Entrepreneurs urged: Embrace e-commerce

ENTERPRISE

Entrepreneurs are encouraged to take advantage of the country’s growing internet population and put up online platforms of their operations to scale up their businesses.

Ma. Elena Arbon, Cebu provincial director of the Department of Trade and Industry (DTI), said they are slowly introducing micro, small, and medium-sized enterprises (MSME) to electronic commerce or e-commerce to help them remain competitive amid a globalized business environment.

“We hope our MSMEs that are ready for it would really go into it. One example is our exporters. E-commerce is the way of the world,” she told Cebu Daily News.

Arbon defined e-commerce as an extension of one’s business online, where buying and selling and all other interactions are done on the web.
She likened this to setting up a “store” or a “marketing channel” which allowed entrepreneurs to reach a wider market.

Instead of establishing a physical shop for goods and services, Arbon said they may opt to build their presence online.

Rentals on spaces inside malls usually cost at least P200,000 every month while developing one’s own e-commerce site will only entail around P20,000.

Foot traffic inside malls average 100,000 to 200,000 every week, while e-commerce sites have the potential to reach millions of internet users not only in Cebu or the Philippines, but in the whole world.

Businesses are more likely to scale up their operations when they have online presence, said Arbon.

Philippine internet penetration has grown from 37 percent in 2013, translating to 36.1 million internet users, to 43.5 percent or 44 million internet users in 2016.

In 2013, the Philippines registered $1.5 billion in e-commerce sales and DTI’s Philippine E-Commerce Outlook 2018 projects this figure to grow by 101.4 percent in two years.
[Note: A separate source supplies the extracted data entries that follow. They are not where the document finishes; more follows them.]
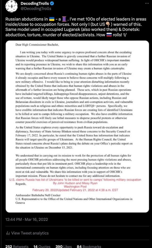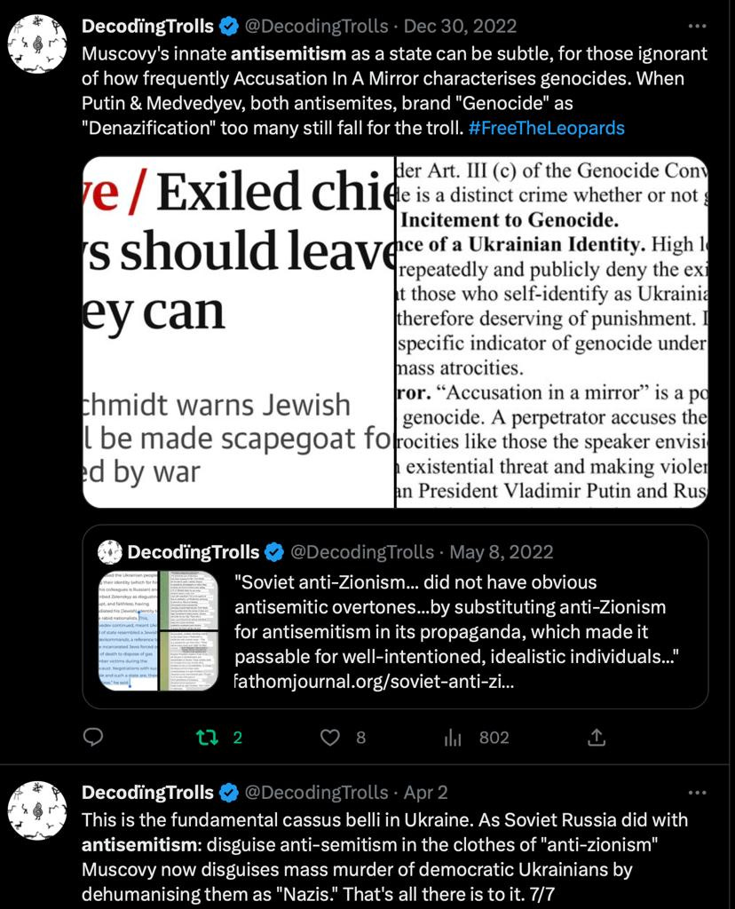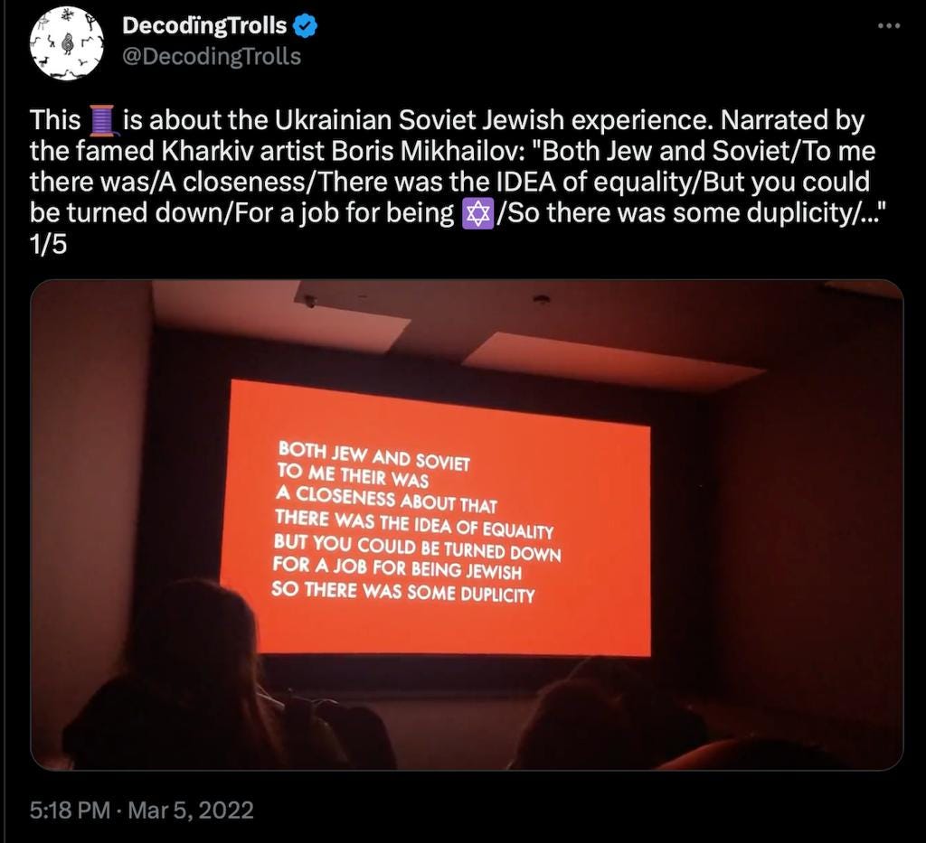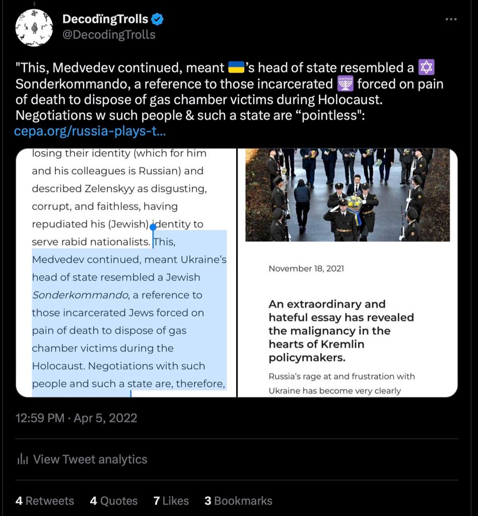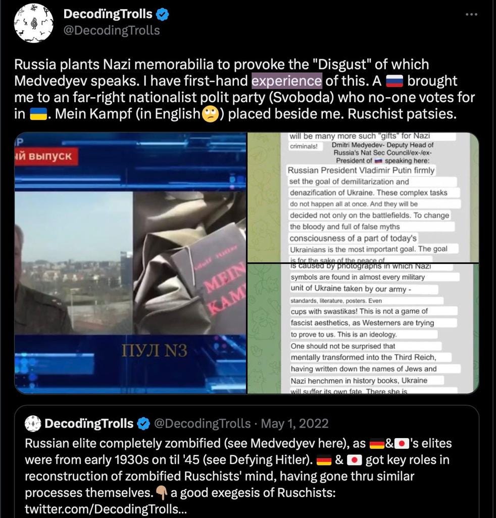 In parsing Russian Disinfolklore and indeed in spotting it, any reference to anti-semitism in Ukraine or Nazis, in any context related to Russia’s genocidal war against Ukrainians, immediately identifies this as Russian Disinfolklore.
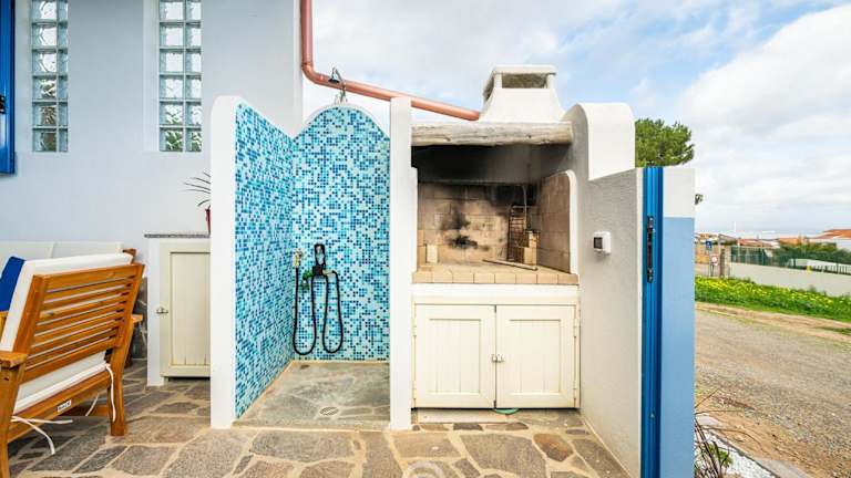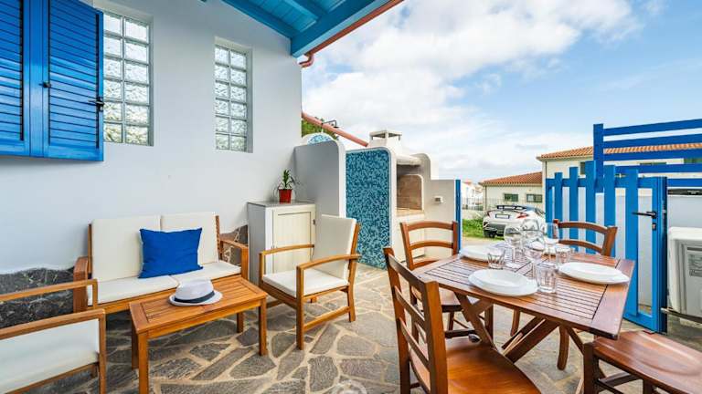Azure House bietet Übernachtungsmöglichkeiten in Form eines Ferienhauses, das mit einem Garten, einer Terrasse, Grillmöglichkeiten und kostenlosem WLAN ausgestattet ist. Zu den Annehmlichkeiten gehört auch eine Veranda oder ein Patio für entspannte Momente im Freien.
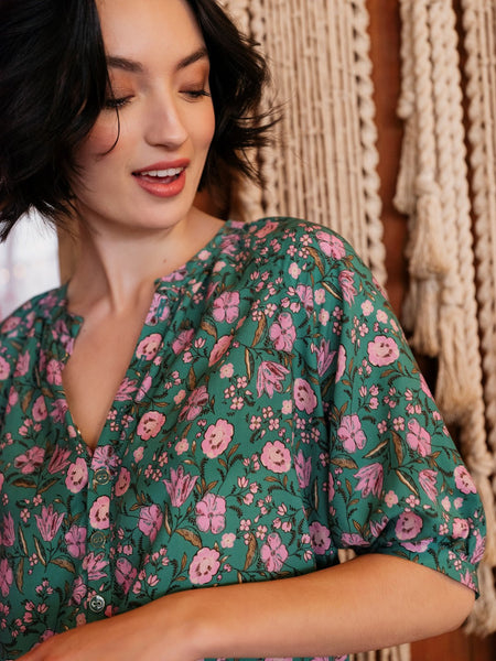 We're so happy with this new pattern for a lovely blouse with raglan sleeves and elegant popover placket! Olivia has medium length sleeves, a nice gather at the collar and a slightly rounded hem. Or maybe you prefer making the dress? They are both included in this double pattern!
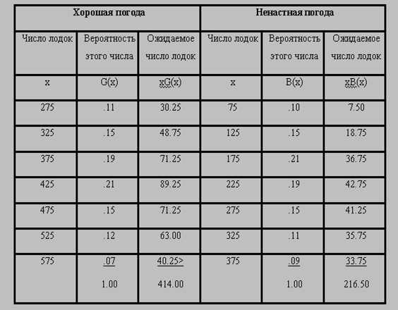 Кроме того, маркетологи составили прогнозы распределения числа заявок на прокат лодок отдельно для хорошей и отдельно для ненастной (пасмурной, дождливой, туманной и т.д.) погоды (см. табл.2).
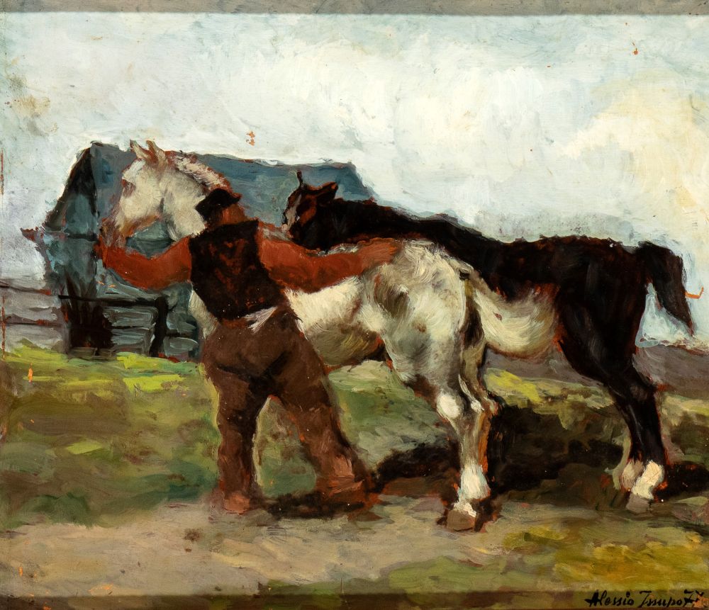 ALESSIO IUSSUPOFF(Kirov 1889 - Roma 1957), Pastore con cavalli
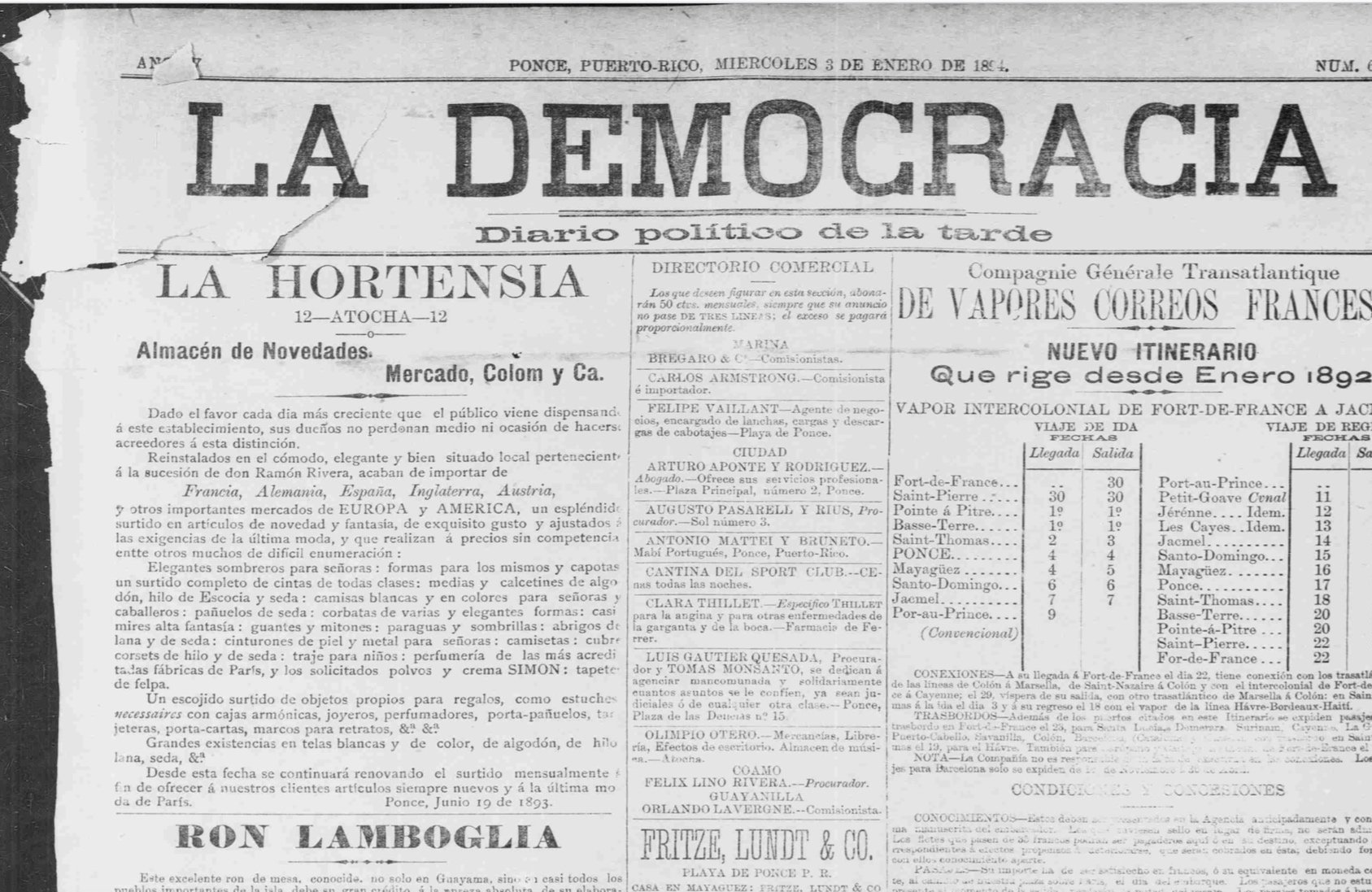 La Democracia. Diario Político de la tarde. Luis Muñoz Rivera, ed. Ponce, Puerto Rico. 2 de enero de 1894.
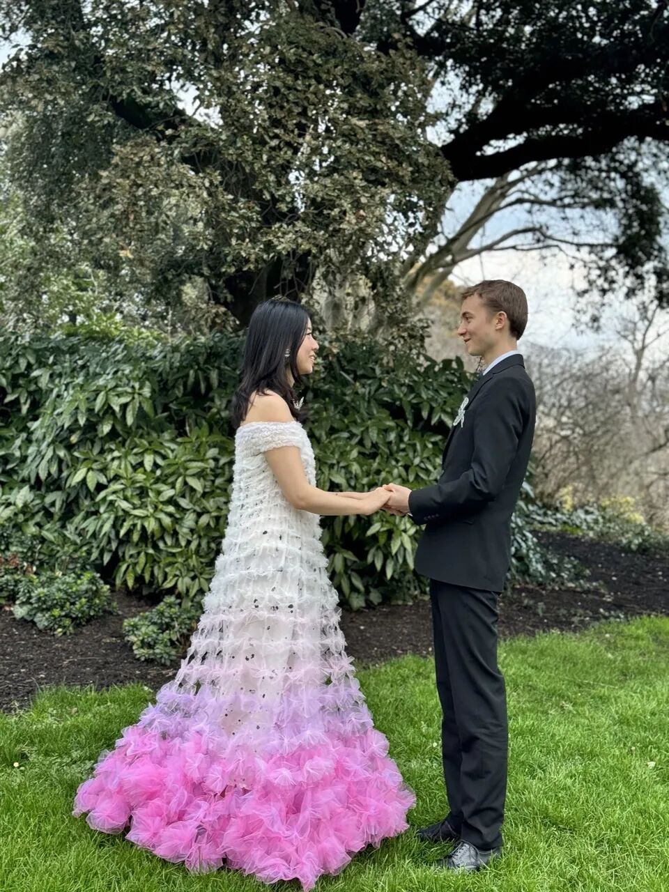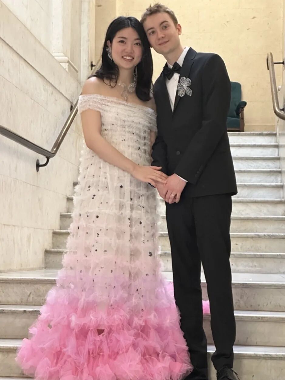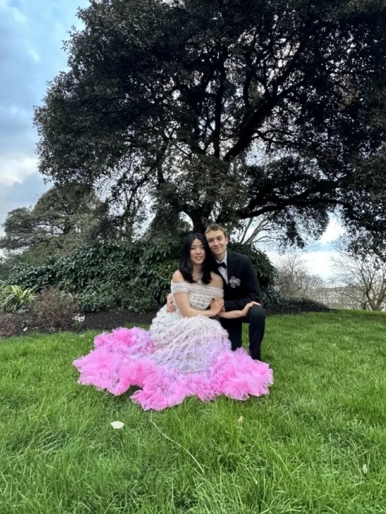 在现实生活中遇到自己想象中的伴侣是什么感觉?“直到现在,我都还在为遇到Orelio感到惊喜和幸运,每一天都是”,结婚登记仪式前一周,Susan在电话那边笑着说。“我曾在一座寺庙认真地许愿,写下自己理想中的伴侣的特质。遇到Orelio之后,我发现他就像我创造出来的理想人物,甚至长相都和我很喜欢的一部皮克斯动画《夏日友晴天》里的主人公卢卡相似!” 从小离开家乡宁波前往上海,中学时期在加拿大和美国度过,大学前往伦敦在中央圣马丁(Central Saint Martins)深造,在成立个人品牌后又穿梭在上海与伦敦两地之间......Susan是在“跑来跑去”中长大的。多元多变的成长环境让Susan渴望更为纯粹、真诚、稳定的爱情。 在相遇之前,Susan和来自比利时的Orelio曾在各自的社交软件个人简介里,真诚写下对设计和艺术的看法,希望吸引到频率相同的另一半,两人的第一次聊天也开始于交换作品集后的互相欣赏。在速食爱情时代,一段拙朴的谈话却成为一段美妙爱情的开端。 作为知名电器品牌的工业设计师,Orelio与Susan有太多共同话题,既能为对方提供灵感,又能从各自的工作领域出发带来新的思考角度。除了在设计领域的深度共鸣,Susan和Orelio在生活中也完美契合。在恋爱近两年的时候,他们毫不犹豫地决定走进婚姻,希望更长久地在一起创造更美好的生活。 Susan对婚纱的设计灵感,来自她生日时Orelio亲手制作的一段动画。画面里,花瓣不断轻盈飘落,但粉色花朵却坚定地永恒绽放。爱人的礼物引发了Susan对爱情的深入思考:“不知道为什么,当时想到的第一个概念是自爱,因为只有学会好好爱自己,才有能力给予伴侣更好的自己和更温暖的爱”。
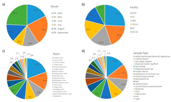 The study was carried out at a tertiary-level teaching hospital with 200 beds located in southern Brazil. 111 surface samples were collected monthly at six hospital facilities between April–September 2015, including two intensive care units (ICU-A and ICU-B), one surgery Ccenter (SC), one medical unit (MU), one inpatient unit (IU), and one emergency care unit (ECU). In total, 663 samples were collected during the six-month period of the study (three samples were discarded due to problems during the sequencing). The types of surfaces sampled within the facilities were chosen based on the frequency with which the surfaces were touched (here defined as high-touch surfaces), such as workstations, medical, and surgical devices. All sampling locations and their characteristics are given in Supplementary Table S1. Beyond individual characterization, samples were also grouped in four categories, named month, facility, room, and sample type. For example, all samples collected in April were grouped in the “April” month category, all samples collected in the emergency care unit during the six-month period of sampling were grouped in the “ECU” facility category. Room and sample type categories followed the same principle.
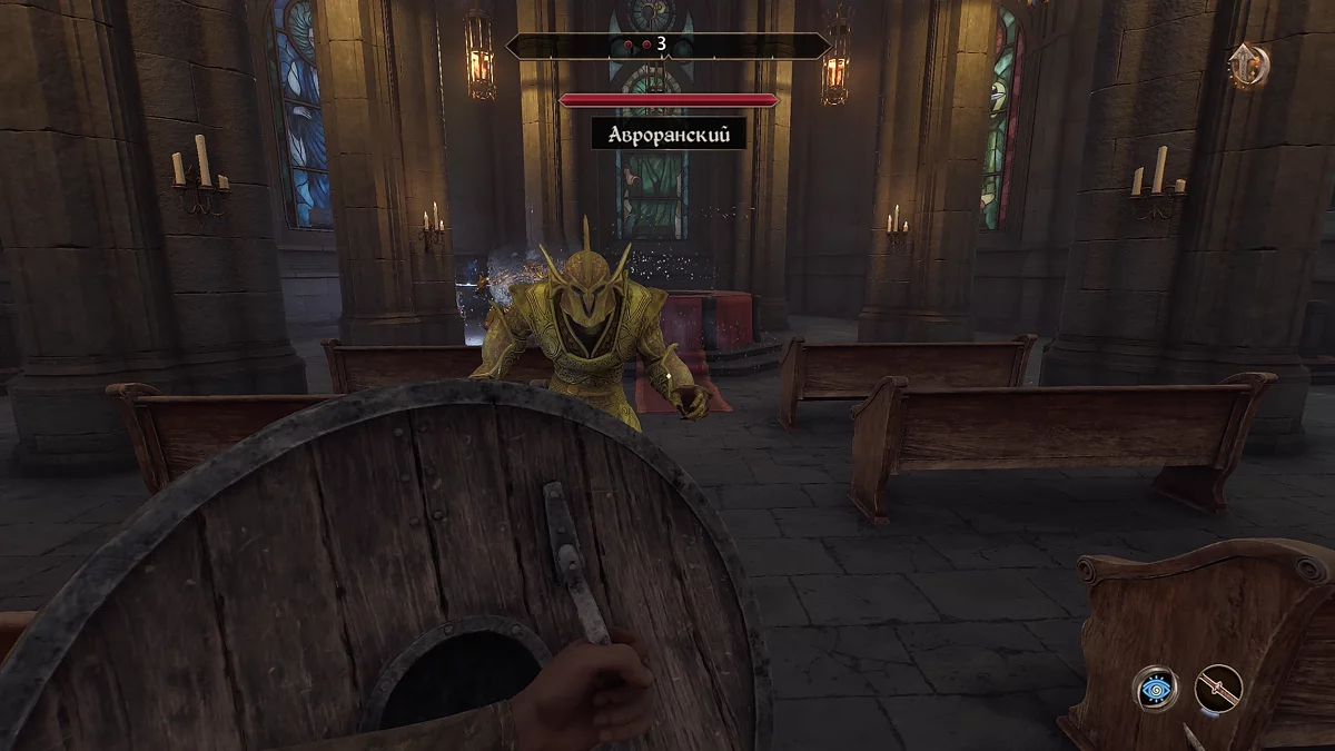 Покиньте підвал, потім підніміться нагору і допоможіть прихожанам відбитися від нападу авроріанців, служителів Меридії — принцеси даедра.
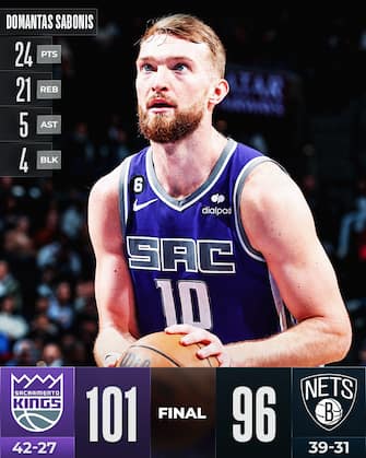 BROOKLYN NETS-SACRAMENTO KINGS 96-101 | Per la prima volta in 17 anni i Kings torneranno ad avere una stagione con un record vincente. La 42esima vittoria di questa eccellente regular season porta la firma di Domantas Sabonis, autore di una doppia doppia da 24 punti e 21 rimbalzi, e di una difesa capace di tenere gli avversari sotto i 100 punti segnati nonostante fossero in back-to-back in trasferta arrivando da Chicago. Ai Nets non bastano i 23 di Mikal Bridges e i 18 di Spencer Dinwiddie
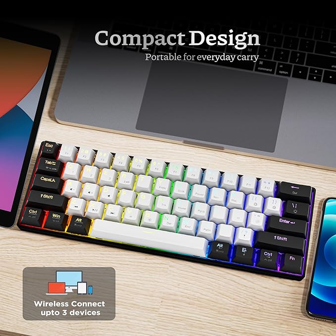 Newmen GM610 60% Wireless Mechanical Gaming Keyboard,Wired/Bluetooth/2.4G Keyboard,RGB Backlit,61 Anti-Ghosting Keys,Programmable,Hot-Swappable,for Windows Mac Android (Black-White/Red Switch)
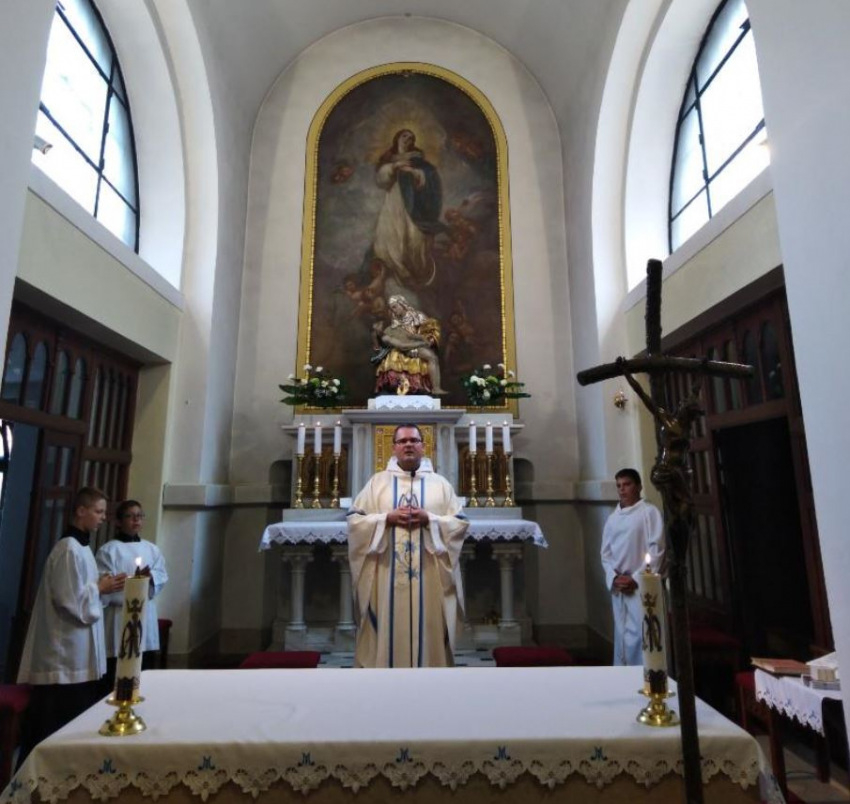 A szeptemberi zarándoklat imaszándékához kapcsolódva homíliájában az Eucharisztiáról és a családokról beszélt a plébános. Az Oltáriszentség az Úr legnagyobb ajándéka – mondta –, hiszen általa szívünkben hordozhatjuk az Istent. Ugyanilyen ajándék a család is; ezért teremtette Isten férfinak és nőnek az embert. S látta, hogy ez nagyon jó, hiszen az ember úgy válik teljessé, hogy van családja, van társa, akit szerethet, és aki viszontszereti őt, és kettejük szeretete gyümölcsöző, hiszen e szeretetből gyermekek születnek.
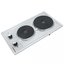 Двухконфорочные панели шириной около 30 см часто можно комбинировать с другими в дизайне «Домино». Такие панели нередко выбирают покупатели, которые пользуются для приготовления пищи другой техникой — мультиварками, духовками, СВЧ-печами. Конфорки при этом могут располагаться как в два ряда, так и в один, а форма панели может быть как привычной прямоугольной, так и овальной или в виде капли.

Last week, DTI Cebu launched an e-commerce and digital marketing workshop that will run until January next year.

Arbon said 20 MSMEs involved in various sectors such as food, furniture, and home accessories, among others, are participating with e-commerce advocate Janette Toral leading the workshop.

Toral has been pushing for the growth of e-commerce in the Philippines since 1997 and has helped the DTI come up with the Philippine E-Commerce Roadmap 2016-2020.

Among the topics covered in the workshop are website creation, product photography, web payments, social media presence, and search engine optimization.

“MSMEs in Cebu, which are more traditional, thrive in a different world. But they are the ones ready for e-commerce. It’s not something they can ignore,” said Arbon.

The trade official said their aim is to make more MSMEs understand the benefits of e-commerce so they can have substantial presence in that scene in the future.